In the early 1920s, a new custom emerged: beyond the traditional study of this central text in religious yeshivot, there would be a worldwide schedule for studying the Talmud, assigning everyone interested, all around the world, a daf yomi (a page a day). Many religious institutions offer a lesson (shi’ur) on the daf of the day, and there is a proliferation of resources, including a plethora of podcasts and videos, dedicated to daf studies. Many of these promise to get you through the daf in 15 minutes a day and go over each and every logical twist, including some of the exegesis in the margins. If you follow through, you can expect to get through the full SHAS (an acronym for Shisha Sdarim, the six books of the Bavli) in approximately seven years.

My approach to this enterprise is a little bit different. I was raised in a secular Israeli home, with classical liberal values, and while there is a lot of perennial wisdom in the Talmud, there are plenty of things there that I don’t see much point in dragging, kicking and screaming, into the 21st century. Also, some pages are full of interesting content worth getting into in depth, while others are, from my perspective, duds. I also don’t believe in reading the daf just for the sake of getting through it, unless we get something out of it.

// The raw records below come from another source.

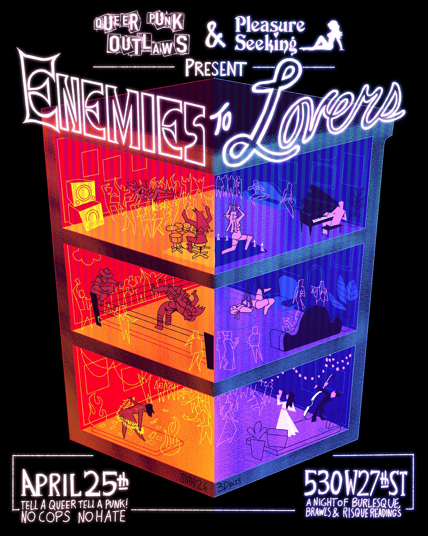 This time, I’m teaming up with Queer Punk Outlaws and the most talented artists, writers, and performers in New York City for an all-night variety show. Expect over-the-top performance art, punk bands, live music, and knock-down, drag-out showdown in the ring.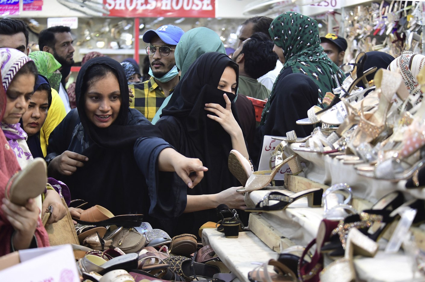 <p>19 اپریل 2023 کو کراچی میں خواتین خریداری کے دوران بازار میں جوتے دیکھ رہی ہیں (آصف حسن / اے ایف پی)</p>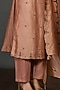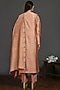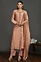 Featuring a peach A-line kurta in chanderi base with multi-colored resham machine embroidery. It is paired with matching pants and a dupatta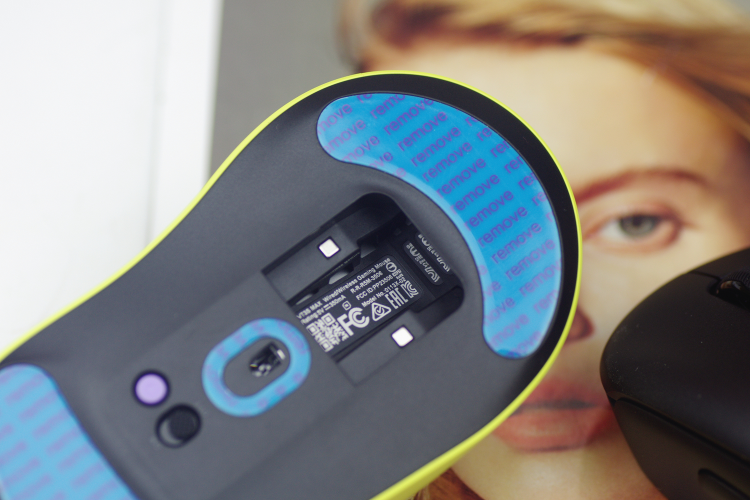 鼠标底部是大面积脚贴、开关键、DIY按键、磁吸式接收器收纳仓、以及家族化的可更换底盖,能够替换成无线/触点模块,拓展多种充电方式。

Here are some of the things that I look for: I think the Talmud is a phenomenal tool for developing logical, critical thinking. By following the different strands of argument and taking a steel-man approach to each, one can learn how to apply various forms of logic to any area of policymaking or opinion formation. One also learns how to fortify one’s argument through intertextual references, and different approaches for how texts can or should be read. I also think that the Talmud shows us that many of the questions we face today troubled our ancestors as well, and we can learn something from the constructs they used to approach these problems. It’s also a great education in how to support macro-level logic—rules with universal application—with anecdote, story, or metaphor. And, it’s a phenomenal education in viewpoint diversity, as very often the question is never settled and you’re left with respect for the various opinions expressed.

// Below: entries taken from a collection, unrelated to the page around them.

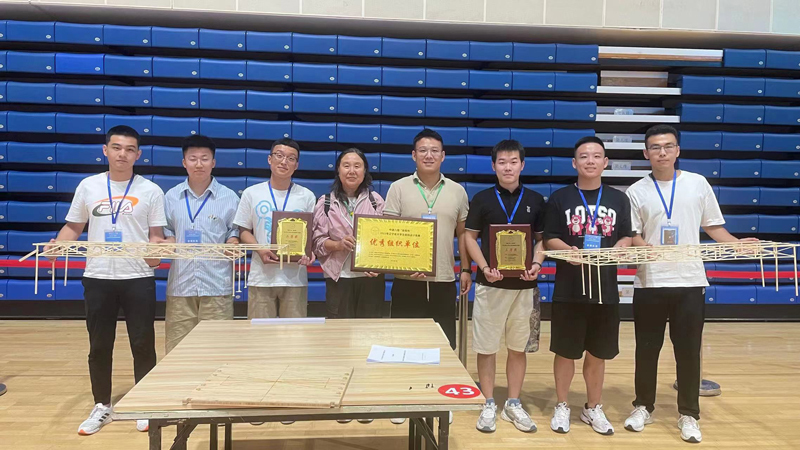 大学生结构设计竞赛是教育部认定的全国大学生九大赛事之一。本次竞赛赛题为《撞击荷载下变参数两跨四车道桥梁结构设计与制作》,选题以承受移动荷载和撞击荷载的桥梁为对象,检验大学生对土木工程结构知识的综合运用能力。我院师生在暑假30天左右的赛前集训过程中,反复进行模型制作和加载试验,不断优化完善作品,为参赛做了充分的准备工作。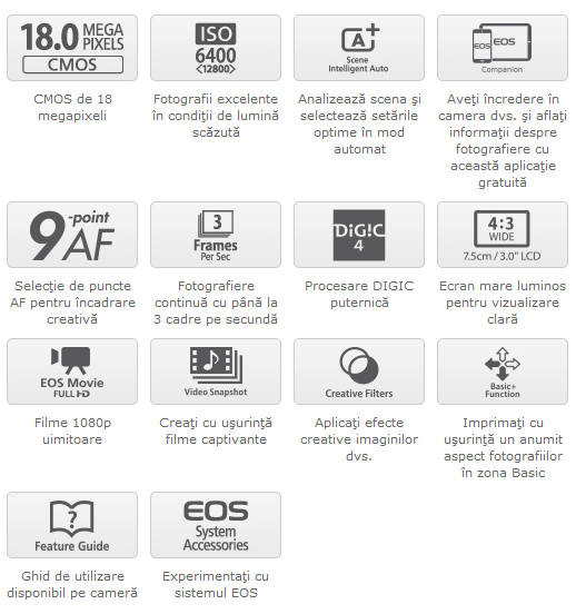 | Accesorii incluse | Obiectiv Canon EF-S 18-55 mm f/3.5-5.6 IS |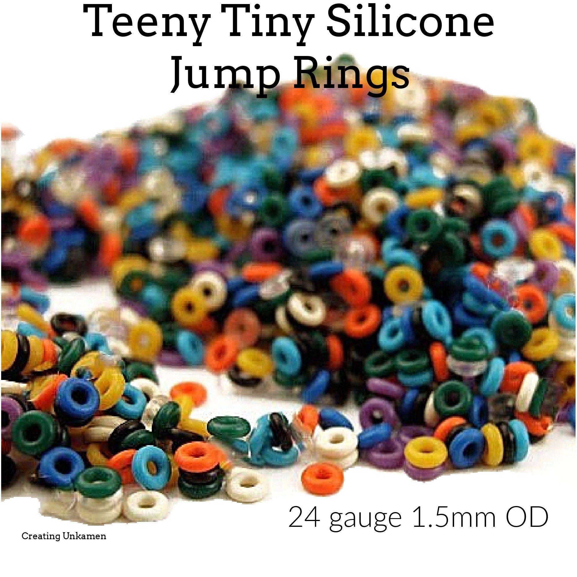 1000 Silicone Jump Rings 24 gauge 1.5mm OD - Teeny Tiny Red, Yellow, Brown, Blue, Pink, Black, Orange, Purple, Green, Clear

Anyway, those are the goals I have when I engage in daily Talmud study. Some days are longer and some are shorter; some are funny and some are sad or irate; sometimes I go to traditional sources and sometimes to literature, current events, musical works, or popular culture. Because what we find in the text mirrors what we look for, those of you who are regular readers can probably guess what tends to grab my interest: I’m a law professor who is also a second-career rabbinical student, and I’m especially interested in courtrooms, prisons, punishment theory, social movements, public debates, the value of art and artistry, and bits that are comical or quirky.

To make this more widely available and useful, I’m cross-posting these daf posts to a new Substack – I hope I’ll have the fortitude to get on with it, because after all, this is a very niche undertaking. For now, and probably forever, the subscriptions to that newsletter will be free, so you can follow along here or there.

I hope you find this useful and educational. So, buckle up, friends, it’s going to be a long and interesting ride.